Şilep, Lizbon’a demir attığında, soğuk hava deposunun kapısını açan kaptan, zavallı denizcinin cesediyle karşılaşır. Duvarlara kazıdığı acılı sonunu okur ve kendisi de hayretten dona kalır.

Çünkü soğuk hava deposunun derecesi 19’dur. İskoçya’ya götürdükleri şarapları 18 derecede taşınmayı gerektirmiş, şilep yükünü boşalttıktan sonra soğutma sistemi zaten kapatılmış olup, kendi haline bırakılan deponun sıcaklığı bir derece de yükselmiştir.

Yani biçare denizci donarak ölmemiş, donduğunu sandığı (ya da donacağına inandığı) için ölmüştür. Paniğin bağışıklık sistemini yüzde elli zayıflatan etkisi olduğu söylenir. İnsan zihni inanılmaz oyunlar oynayabilir. Korku çoğu zaman iyidir, sizi hayatta tutabilir. Ama panik her zaman kötü sonuçlar verir. İnsanın boş kaldığı ve amaçsız hissettiği anlar ise zihnine en kolay yenildiği anlardır.

GÜZEL GÜNLER YAKIN

Umudunu kaybedince insan, her şeyini kaybediyor. O nedenle umudu asla yitirmemek lazım. Bayramdan sonra Ankara’da çifte bahar yaşanacak. Her taraf cıvıl cıvıl olacak. Kara bulutlar üzerimizden gidecek. Kademeli olarak kafeler, restoranlar açılacak. Sevdiğimiz dostlarla bir araya geleceğiz. Evde yapımı zor olup, restoranlarda özlediğimiz yemeklere kavuşacağız. Yine birbirimize doya doya sarılacağız.

Ve bir sabah uyandığımızda kabus bitecek. Virüs terk edecek dünyayı… İnanın bu günler çok uzak değil. Hayatta sürpriz gelişmelere de kalbinizde açık bir yer bulunsun her zaman. En etkili ilacın bulunmasının an meselesi olduğu, aşının çok daha kısa sürede devreye gireceği gibi…

Gemide ölen denizci gibi korkunun bizi öldürmesine izin vermeyelim. Yıllardır her hafta sonu verdiğim tarifleri evde denemenizin tam zamanı. Yemek yapmak müthiş bir terapi sağlıyor. Kafanızdaki kara bulutları dağıtıyor. Müzik dinlemek, kitap okumak, belki de uzun zamandır özlediğimiz şeylerdi.

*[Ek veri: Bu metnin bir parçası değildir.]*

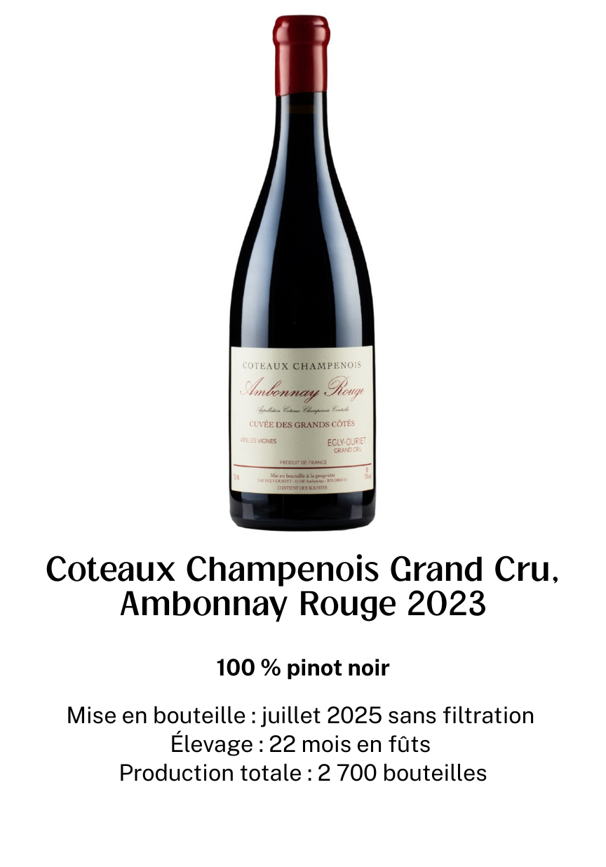 Outre ses champagnes emblématiques, Egly-Ouriet signe également quelques rares Coteaux Champenois rouges issus de pinot noir. Produits en très petites quantités, ces vins tranquilles figurent parmi les plus recherchés de l’appellation, admirés pour leur stature bourguignonne et leur profondeur remarquable.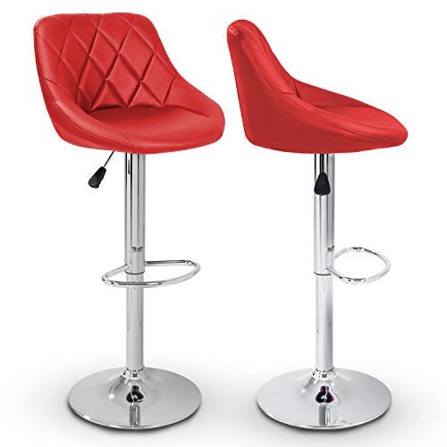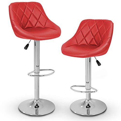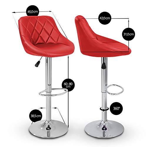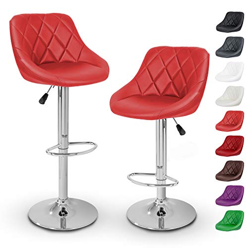 TRESKO - طقم كراسي بار مع مسند ظهر من تريسكو | جزء خارجي من الجلد | رفع غاز دوار قابل للتعديل والتعديل | مسند قدم من الكروم | متوفر بـ 10 الوان (2 × احمر داكن)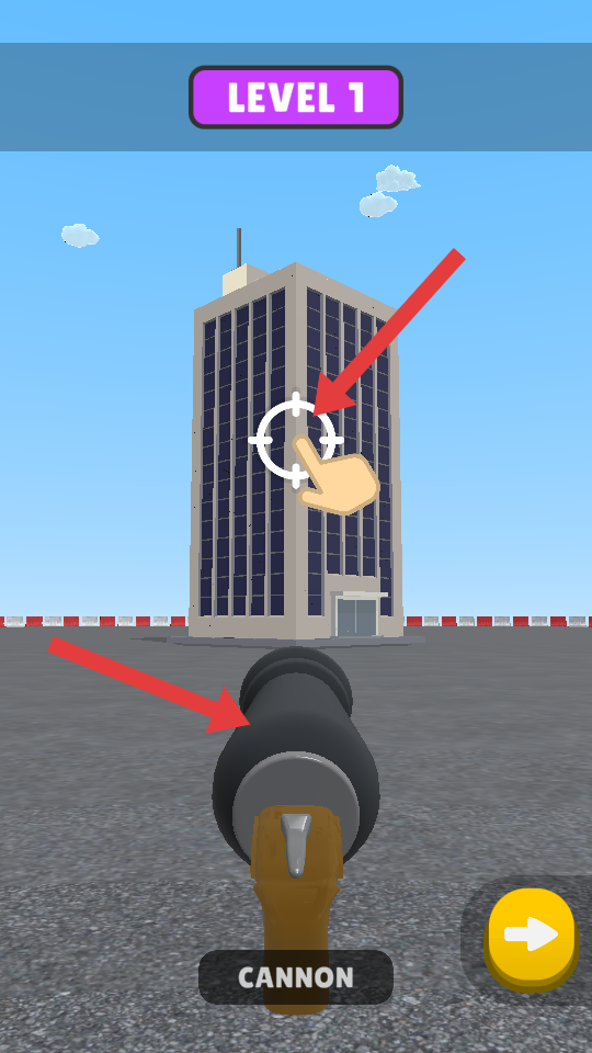 1、在關(guān)卡1,瞄準(zhǔn)前方大樓,點(diǎn)擊屏幕上的瞄準(zhǔn)區(qū)域,操控大炮發(fā)射,開始對大樓進(jìn)行轟擊,開啟摧毀大樓的任務(wù)。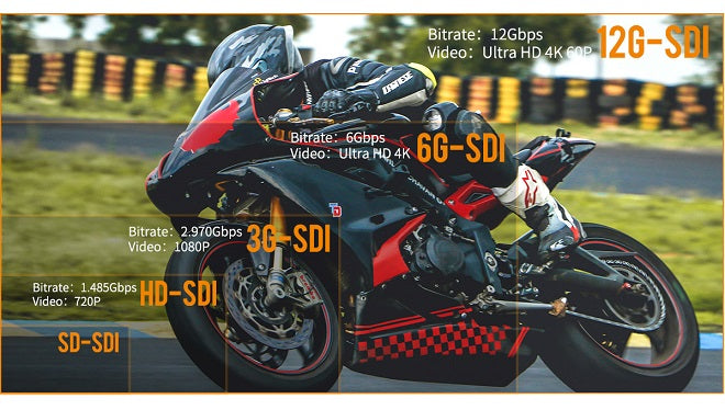 Adopting 12G-SDI single link technology and compatibility with 6G-SDI/3G-SDI/HD-SDI/SD-SDI, supporting 12Gbps per second transmission rate, better meeting the video transmission needs of high definition and high frame rate.

Zamanı durdurmak olanaksız… Bence geri sayım başladı. Tedbiri elden bırakmadan, temkinli davranmaya devam ederek güzel günlere yaklaşıyoruz.

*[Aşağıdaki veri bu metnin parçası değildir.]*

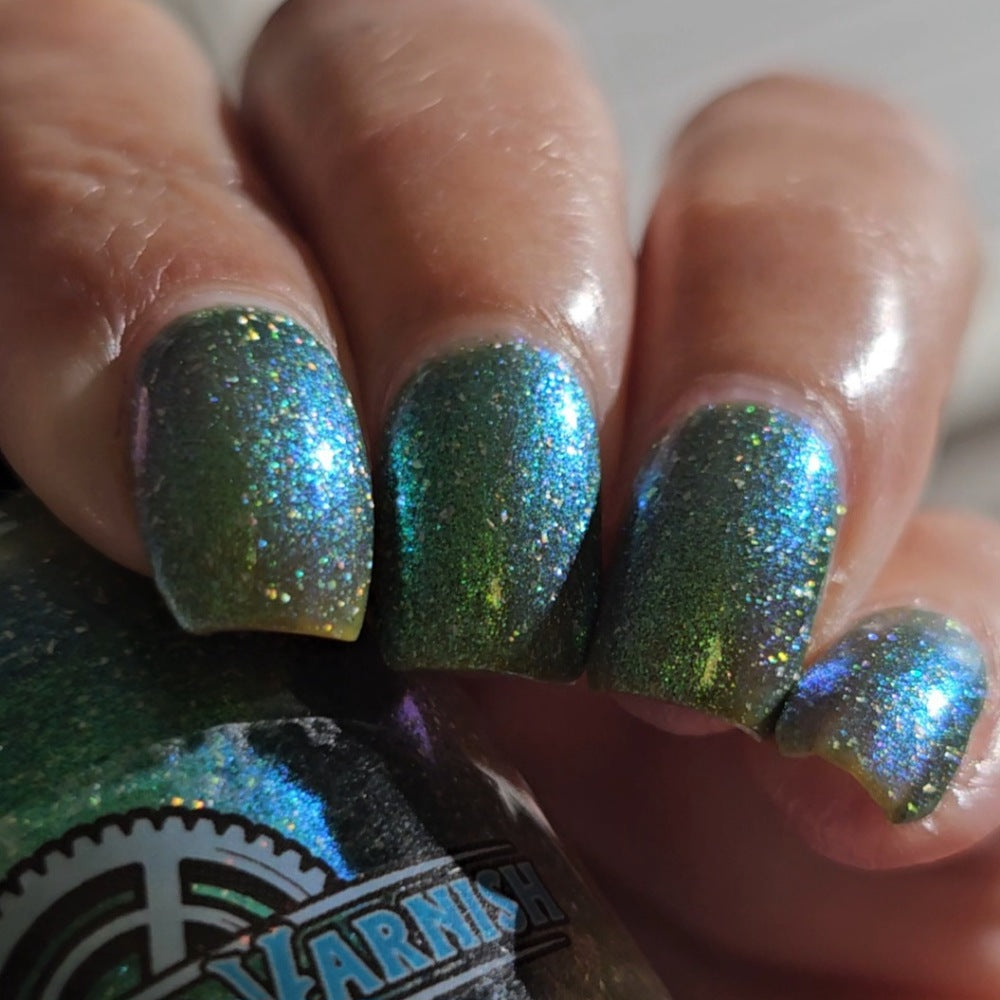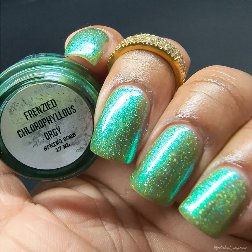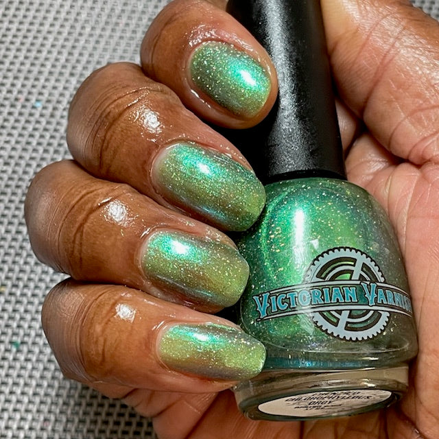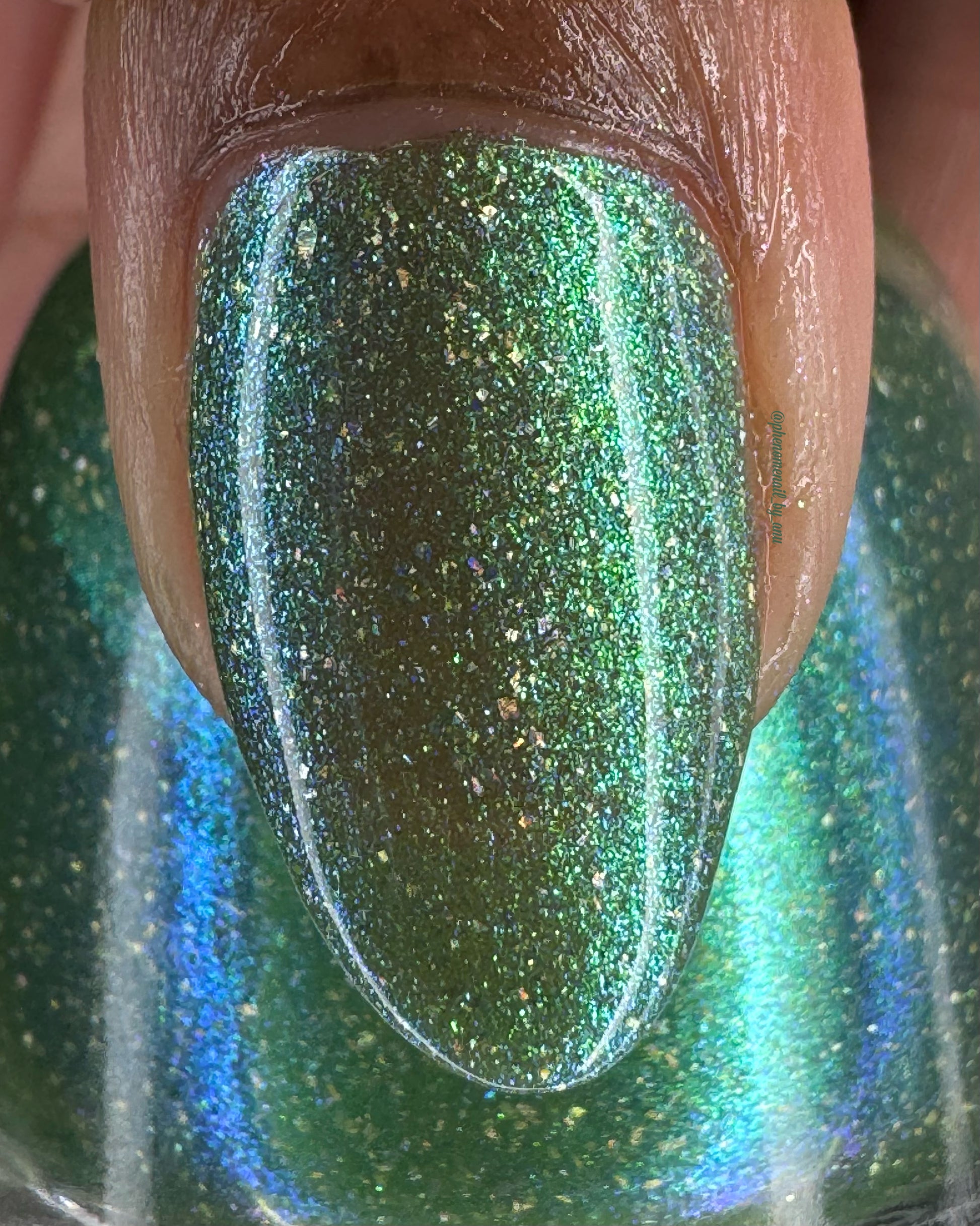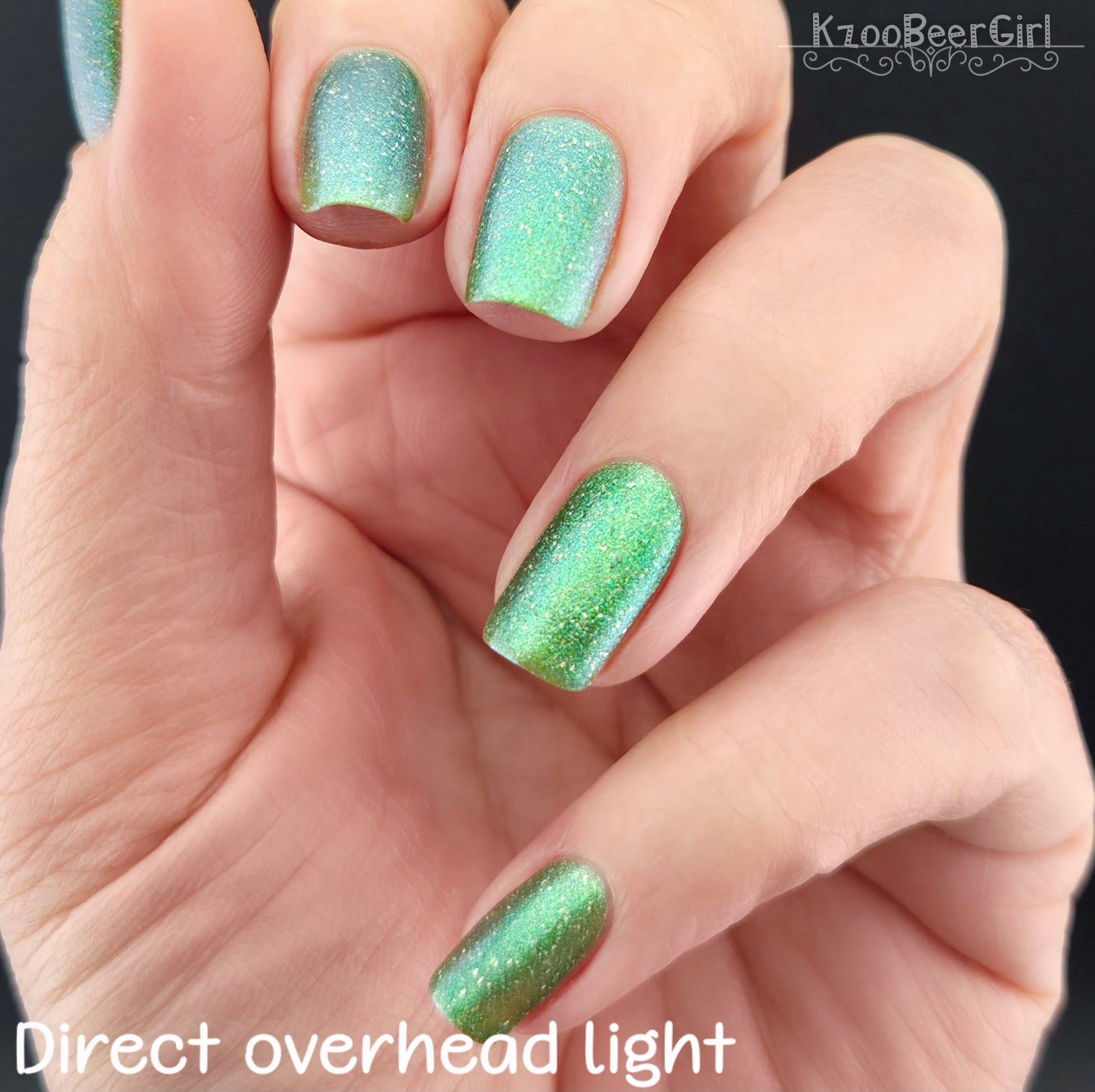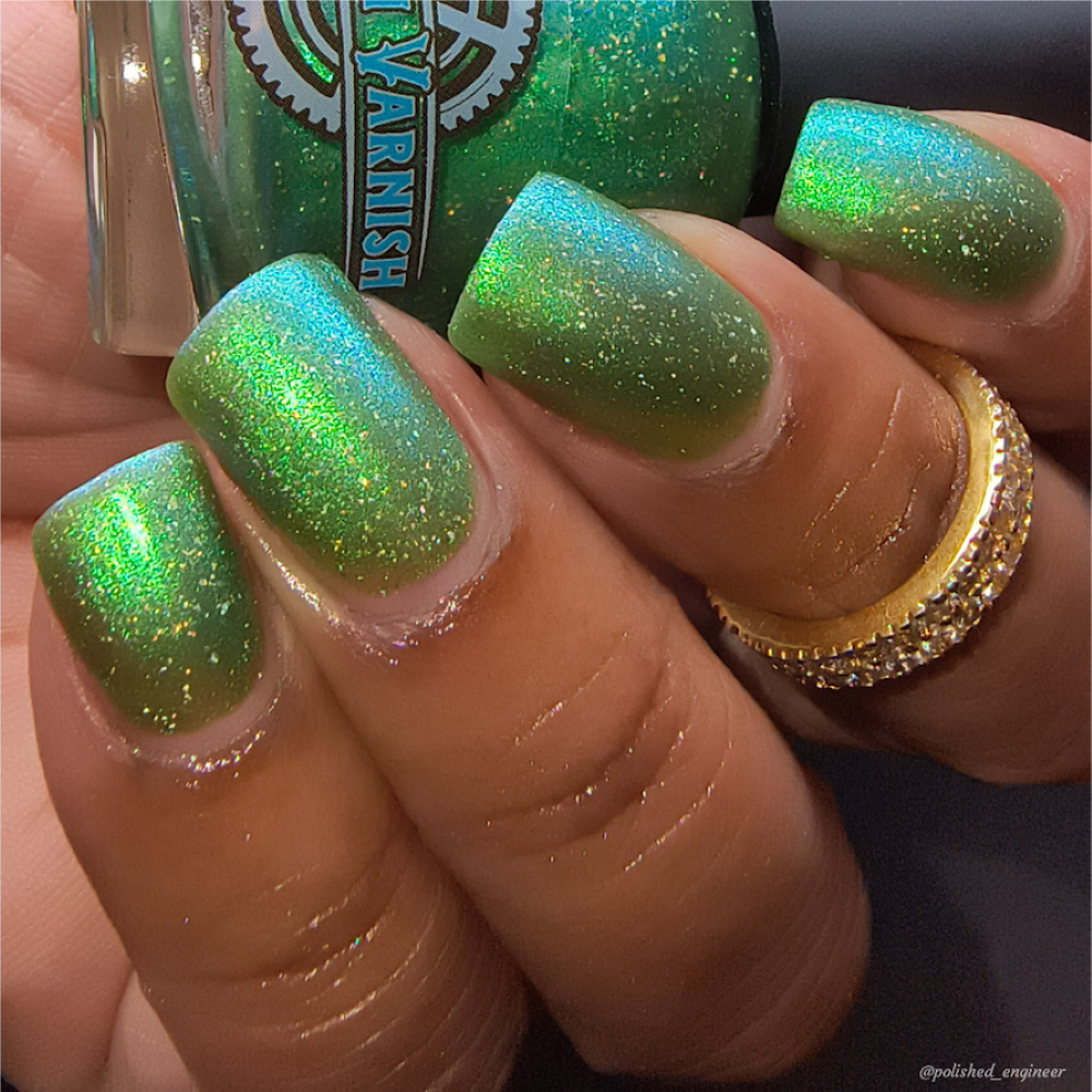 A sheer spring green with a large particle green/aqua to purple/blue at extreme angles aurora shimmer and a pollinating amount of holo flakes (holo dust)

Çok fazla ders verdi koronavirüs bizlere… O nedenle ekonominin yarattığı tahribatı da çok hızlı atlatacağız. Ralliye başlayacağız. İhmal ettiğimiz alanlarla daha çok ilgileneceğiz. Tarım ve balıkçılık gibi… İnsanların hayatını idame ettirici yiyecek ve protein kaynaklarının, tarım ürünlerinin kesintisiz sağlanması için şapkamızı önümüze koyup daha çok çalışacağız.  

Yeni bir süreç başlıyor. İnanarak, çalışarak, açgözlülüğü bırakarak, paylaşarak daha güçlü Türkiye ve daha güzel günlere doğru yol alacağız. İyi pazarlar.